The World is The Best Classroom

I realize that I am very fortunate to have had the opportunity to work in the travel and hospitality industry for most of my career. But even as I shifted my focus to higher education marketing, I took what I learned from tourism and applied it to selling education. It’s about the destination and the experiences you have there that ultimately teach you the most about the world, people and especially yourself. What students learn in the confines of a classroom is without a doubt foundational to their future. But the experiences that you get by traveling the world are invaluable and arguably more impactful to make you a more well rounded person with soft and hard skills. And while my own formal education is a fond distant memory, I am constantly amazed at how much I continue to learn every time I travel. 

I am grateful for my humble midwest upbringing, but if I didn’t have the opportunity, and more importantly the drive to leave it for a different kind of life, I might still be living in the small blue collar town where I grew up. No offense to blue collars or small town life, but I had a fire in my belly to see and do things that my hometown just couldn't offer. 

On our annual family summer trips, as my brothers and sisters sawed logs in the back of our forest green Plymouth Country Suburban station wagon, I was wide awake, riveted by the sites and sounds that were whizzing by my usually open window at 70mph. And glued in my hands, was my trusty Rand McNally atlas so I always knew where we were and what big city or geological wonder was coming up next. Back then I didn’t know that the term wanderlust existed, much less what it meant. But something in me just couldn’t get enough of the experience of travel. 

By the time I was a freshman in college, I had only scratched the surface of the places and things I wanted to see. Top of my list? New York City. As I walked out of class one day, I saw an announcement on the bulletin board that small group of students led by Dr. Hal Gunderson, the head of the theater department, was planning an annual trip to the Big Apple for Spring Break. I thought for sure my parents would never go for it, much less pay for it. I was the tenth of eleven children, and with all due respect, my father worked at one of those blue collar jobs I so desperately wanted to avoid. He himself had traveled the world at 18, thanks to the US Navy and a little scuffle called World War II.  It wasn’t cheap, but they managed to scrape together the money for me to explore New York City. I had always been a good student and they always knew my aspirations would take me far from Indiana. I was a budding designer (a graphic artist back then) and NYC was a must-see and must-do kind of place for anyone who wanted a successful creative career. 
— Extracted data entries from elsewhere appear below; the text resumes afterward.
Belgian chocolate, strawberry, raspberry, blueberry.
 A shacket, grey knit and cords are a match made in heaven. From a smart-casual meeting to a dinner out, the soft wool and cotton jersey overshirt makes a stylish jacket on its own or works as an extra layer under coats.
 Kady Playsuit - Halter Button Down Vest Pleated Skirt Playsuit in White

As a teenager, I had visited Chicago and other big cities, but Manhattan was THE Big City and an experience on a whole other level. As I stepped out of the first cab ride I had ever been on and onto to the wet pavement of 43rd Street, I could just feel that life would never be the same. The lights. The sounds. The smell of exhaust belching from city buses. It was all so intoxicating.  
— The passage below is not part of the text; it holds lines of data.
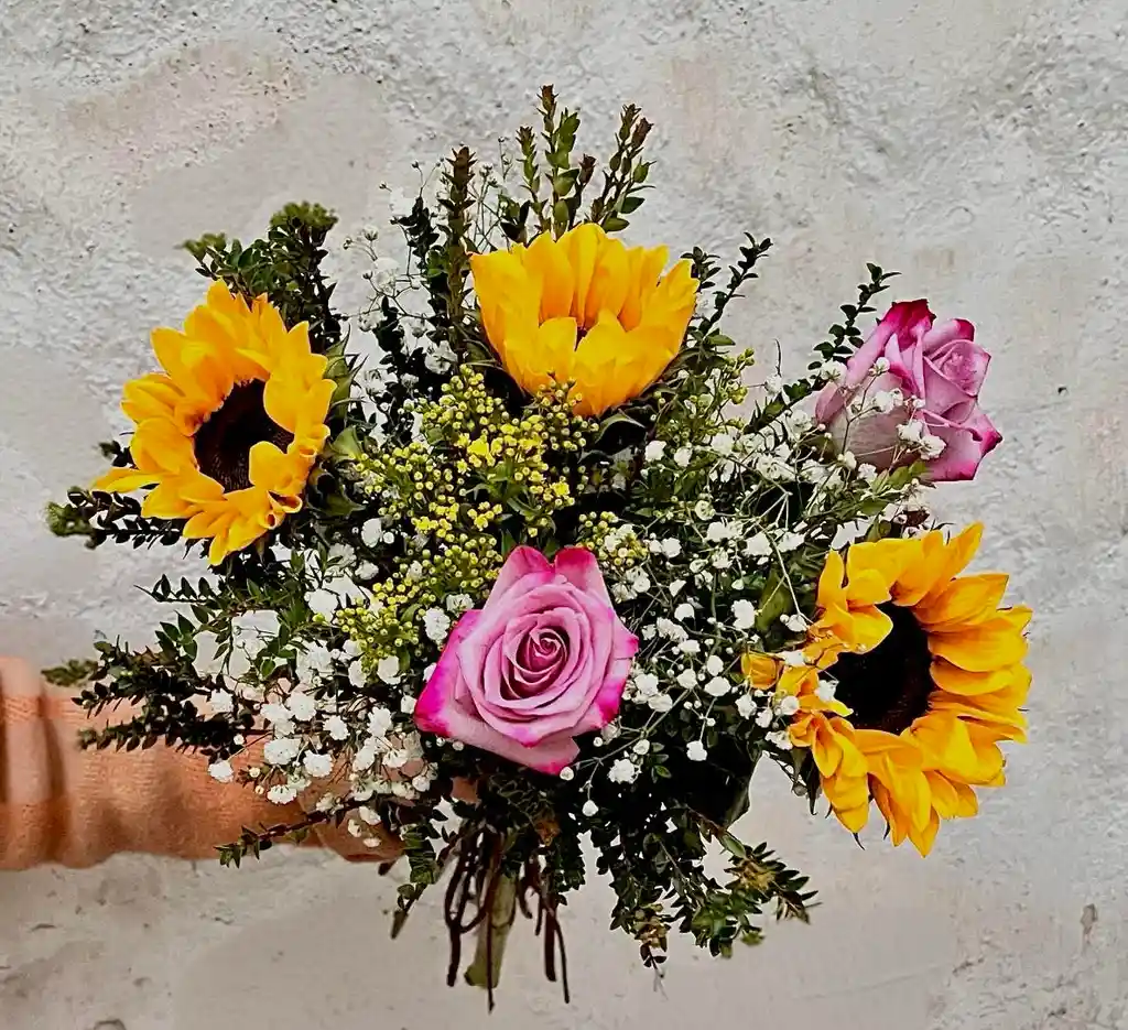 Ramo de tres girasoles y dos rosas mas varas de gypsophila y follaje verde de la estación, todo envuelto en papeles y cintas importadas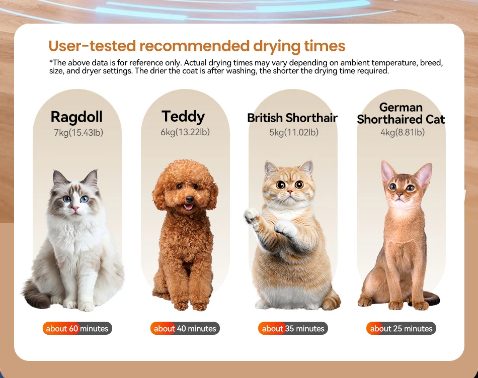 Los datos anteriores son solo de referencia.Los tiempos de secado reales pueden variar según la temperatura ambiente, el tamaño de la raza y la configuración de la secadora.Cuanto más seca el abrigo después del lavado, menor será el tiempo de secado necesario.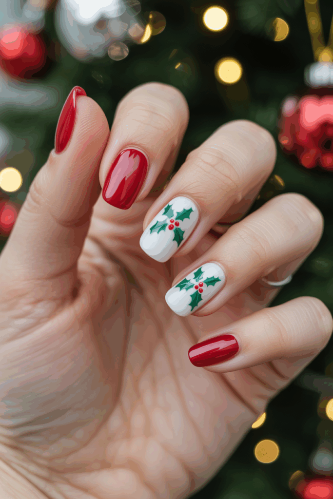 Holly berry accent nails feature small red berries paired with green leaves. They add a simple, festive touch without being too bold. These designs often use a neutral or light background to make the colors stand out clearly.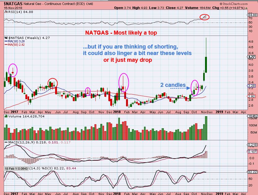 NATGAS WEEKLY  –  I see a topping candle on NATGAS in the recent parabolic type run. This usually ends with a drop from here, but in October, you can see that price went sideways too.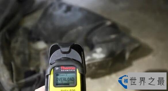 而当小哥靠近当年消防员的衣物时,盖格计数器的鸣叫声由急促变成了长鸣,数字也从1500微西弗每小时直线上升至“OVERLOAD!”爆表了!此时摄影机也开始受到干扰,小哥说话的声音也变的含糊不清,太可怕了!

Over the course of the next seven days, so much of what we packed in became a bit of a blur. But there were standouts. We saw A Chorus Line on Broadway, climbed Lady Liberty, shopped for groceries at Zabar’s, spent the entire day at the MET and another at The Guggenheim and I saw my first pick pocket happen right before my eyes. But the memory that will be forever seared into my mind’s eye is standing atop the observation deck of the south tower at One World Trade Center. It was a brisk March day and I could see for what seemed like hundreds of miles. Seeing each of New York’s boroughs from that vantage point was like being in a different world. And I was standing on top of it. 

That week in New York became one of the defining moments of my college career. It changed me. And although I was just one of more than 7.2 million people in the city that day, It made me feel important and relevant to be there. The things I saw, the food I ate and the memories I made are all a part of who I am today. 

I have logged many tens of thousands of miles of travel since that first time in New York. And looking back over the my travels, I am absolutely convinced that we are all a collection of our experiences. And the more amazing and the more diverse the experiences we have, the more we learn and grow. 

If you never venture out of the cocoon of your comfort zone, and travel to places you might never have heard of or never imagined seeing, you will never learn to be the “you" you can be.